The distinction made in films like Malignant and Daniel Isn’t Real, where the imaginary friend isn’t imaginary after all, is small but meaningful. Apart from avoiding the creative conservatism that Mortimer refers to, the realization that the imaginary villains in these movies actually do exist means that imaginary friend movies arguably are not about imaginary friends at all. Instead, they’re about human neuroses, given shape by malevolent and intangible figures.

“The characters are using the term ‘imaginary friend’ to describe something that’s actually so much more horrible than real,” Mortimer says. “They sort of wish it was an imaginary friend, but in fact, it’s something other than that.”

If these imaginary friends aren’t imaginary, how could they be good the way that imaginary friends are genuinely good in real life?
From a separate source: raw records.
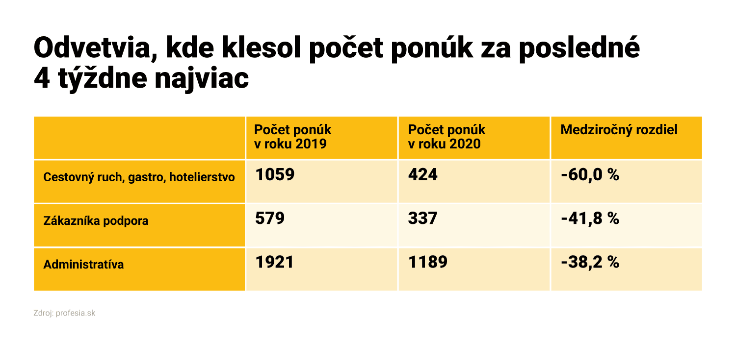 Okrem spomínaného cestovného ruchu a gastra klesla ponuka výrazne aj v ďalších dvoch sektoroch. V prípade zákazníckej podpory eviduje najväčší pracovný portál na Slovensku medziročný prepad až 42 percent. Za posledné štyri kalendárne týždne pribudlo v tomto odvetví 337 pracovných ponúk. Vlani to bolo až o 242 inzerátov viac.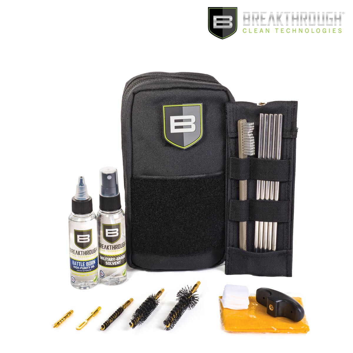 Kit de nettoyage complet pour arme longue comprenant une poche molle, les accessoires et les produits indispensables pour entretenir les fusils .223 cal./5.56 mm. Les produits de nettoyage Breakthrough® Clean sont à la pointe de la technologie et permettent un nettoyage plus rapide et plus sûr de vos armes à feu. Ils éliminent plus de contaminants que la plupart des produits sur le marché, offrant des performances optimales, la sécurité et une facilité d'utilisation. Les lubrifiants offrent une protection parfaite, résistent très bien aux températures extrêmes et réduisent la fréquence d'application.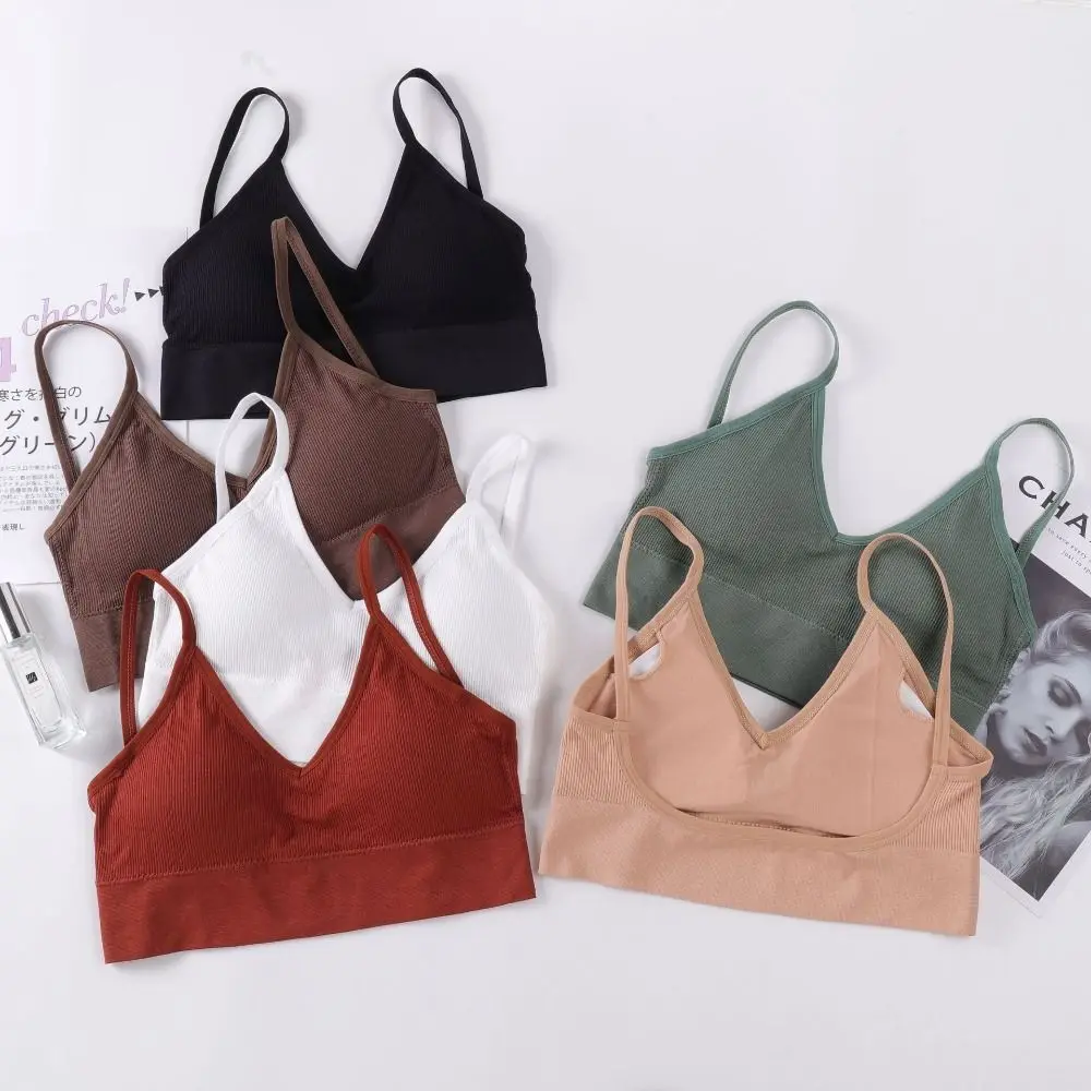 Soutien-gorge de sport push-up à fines bretelles pour femme, brassière de gymnastique, dos nu, sans couture, pour fille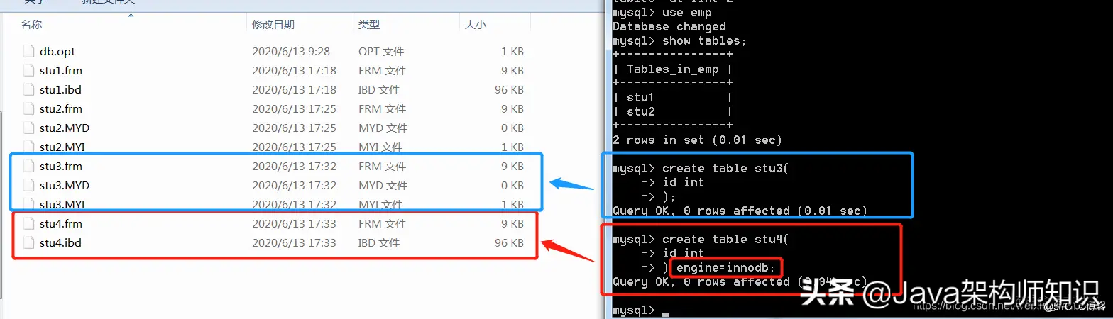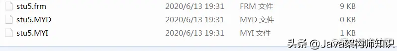 一个数据库对应一个文件夹,一个表对应两个个或多个文件,主要取决与引擎,引擎是innodb,生成一个文件。引擎是myisam生成3个文件: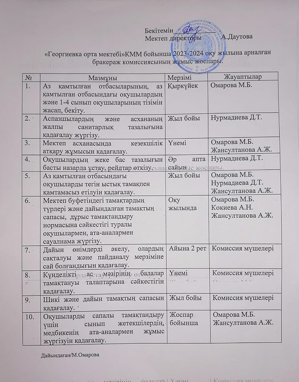 2023-2024 оқу жылына арналған бракераж комиссиясының жұмыс жоспары. » «Георгиевка орта мектебі» КММ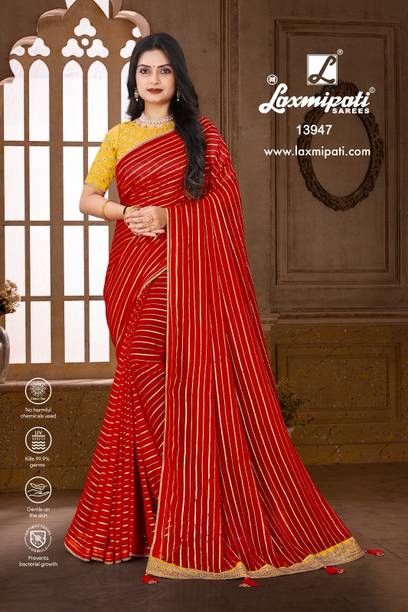 Sarees have been an integral part of traditional Indian attire since time immemorial. However, shopping for sarees can be daunting. Here is a wide range of Laxmipati sarees to choose from to make your saree shopping experience a breeze. Explore chiffon sarees that are light and easy to wear. Plus, they fall beautifully into your silhouette and accentuate your curves. You can wear them all year round. Pick georgette sarees for their elegance and easy-to-drape quality. Flaunt the beautiful finish. These sarees are light and comfortable. Wear them for long periods of time with ease any time of the year. Choose from a variety of colours available online. You can go for soothing light shades or dark and bright ones. Reflect beauty and freshness by wearing florals. The drape's gorgeous abstract patterned prints will help you feel and express yourself. Look absolutely stunning wearing sarees with gorgeous motifs throughout the drape. Beautiful borders add to the look of ethnic wear. These elegant sarees are ideal for wearing to parties and the office. Amp up the look by teaming your favourite saree with a pair of danglers and high heels. Browse a variety of Laxmipati sarees, order online, and make a statement in the chic draping.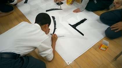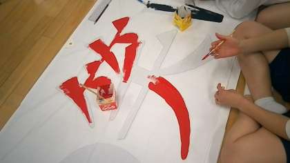 今日、美術部は生徒会と協力して生徒会スローガンを作っていました。今年は美術部が手伝ってくれたおかげで去年より早く終わったそうです。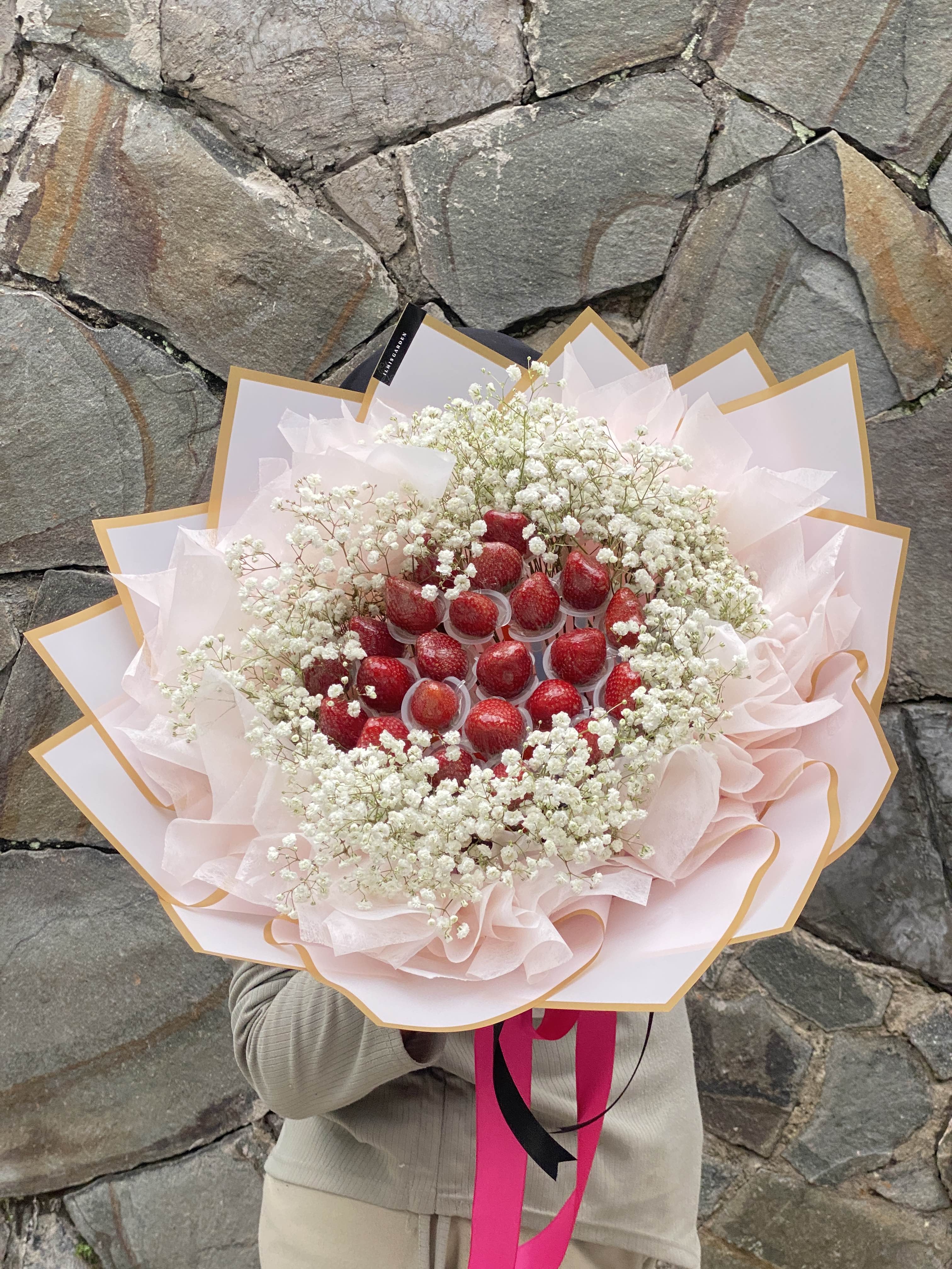 Bouquet ini terdiri dari 24 buah strawberry dan baby's breath sebagai filler.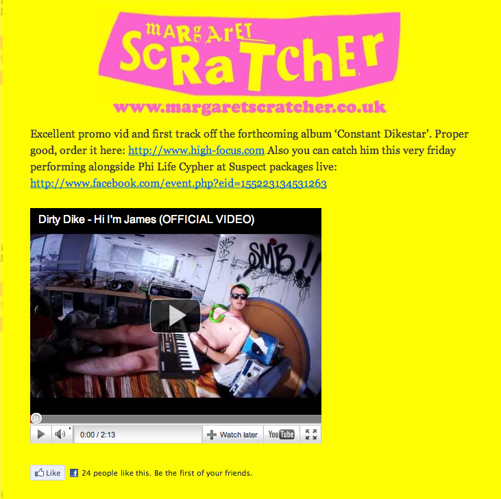 Hi I’m James on Margaret Scratcher High Focus2011-05-25T15:02:00+00:00May 25th, 2011|Dirty Dike, Press|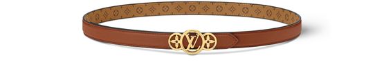 The slim and feminine LV Trio 20mm Reversible Belt offers an eye-catching new signature. Combining fine cowhide with Monogram canvas on the reverse side, its centerpiece is a spectacular gold-finish buckle featuring an LV Circle emblem flanked by two finely crafted Monogram Flowers. An elegant, versatile belt with an original House touch.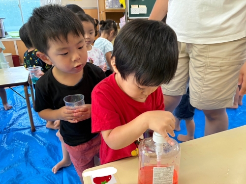 さて、今日は年少組で色水&氷遊びをしました。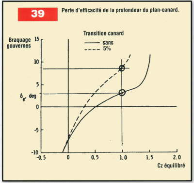 Ce décollement de bord de fuite entraîne aussi une perte d’efficacité de la gouverne (profondeur sur le canard), comme on peut le voir sur la figure 39. Pour un même Cz "équilibré avion", le braquage de la gouverne en transition déclenchée (pluie) est plus important - phénomène expérimenté en vraie grandeur sous des nuages de pluie par des pilotes de VariEze.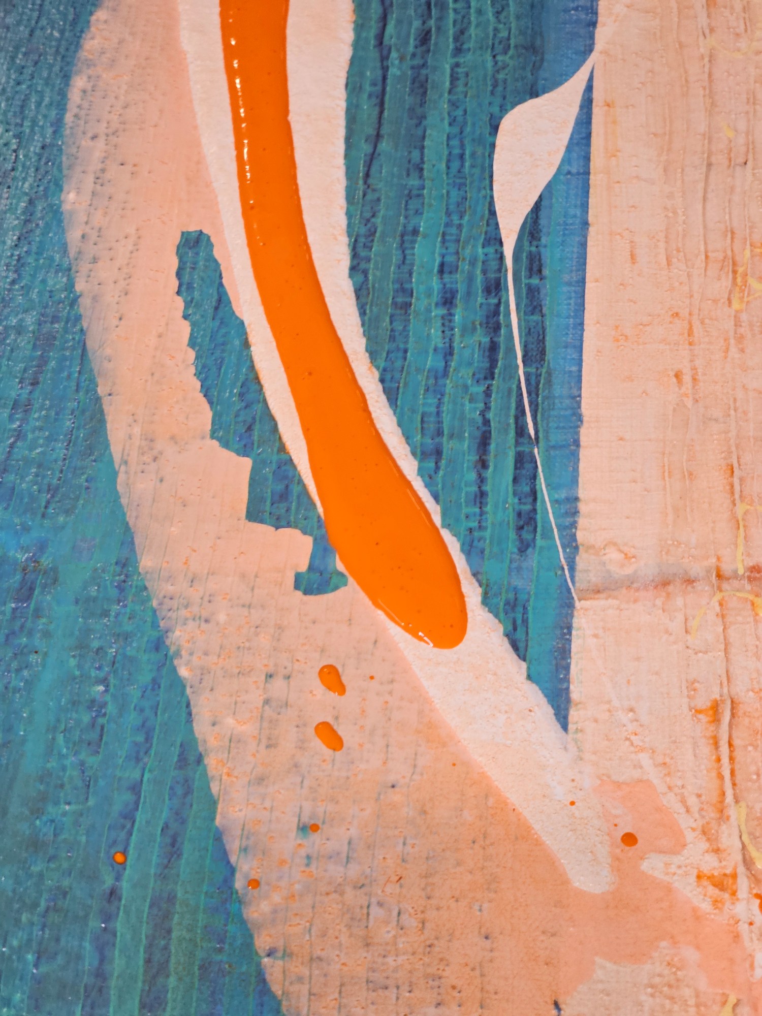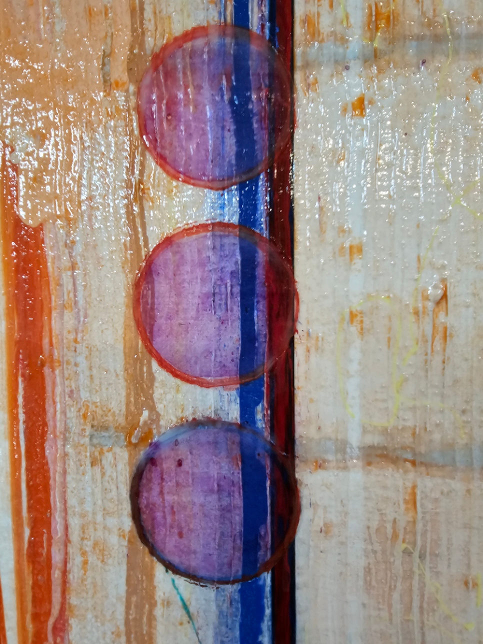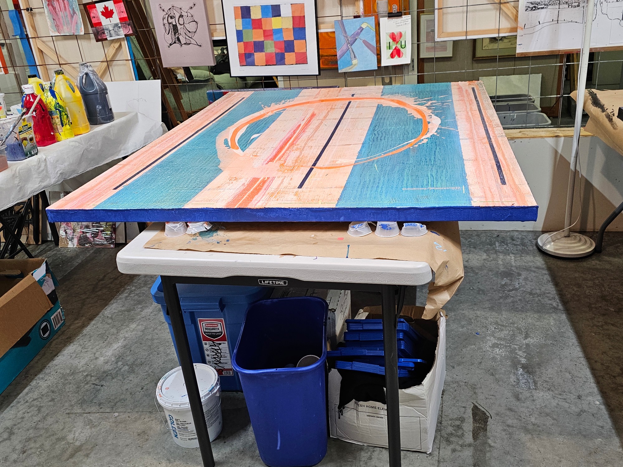 - Acrylic, Glass Bead Gel, W/N artist pigment black Fineliner pens, Powdered Artist Dry Pigments, Irridescent Powdered Artist dry pigments, 1/2" masking tape overpainted with acrylic, Posca markers, Acrylics, Acrylic mediums on 60" x 48" x 2" canvas

None of this is to say that horror should only present imaginary friends in a positive light, of course (though if someone wants to make a horror film about the imaginary friend as a protector, they might be onto something). For Mortimer, the concept of the imaginary friend lets horror express personal struggles that are intrinsic to the human condition.

“How can you tell the difference between an impulse that you feel when you think something bad is happening versus when that’s simply your anxiety?”

Some friends might be imaginary, but emotions aren’t. From existential nightmares like Daniel Isn’t Real to ultra-violent spectacles like Malignant, horror movies give us a lens for distinguishing one from the other.

Malignant is currently in theaters and on HBO Max.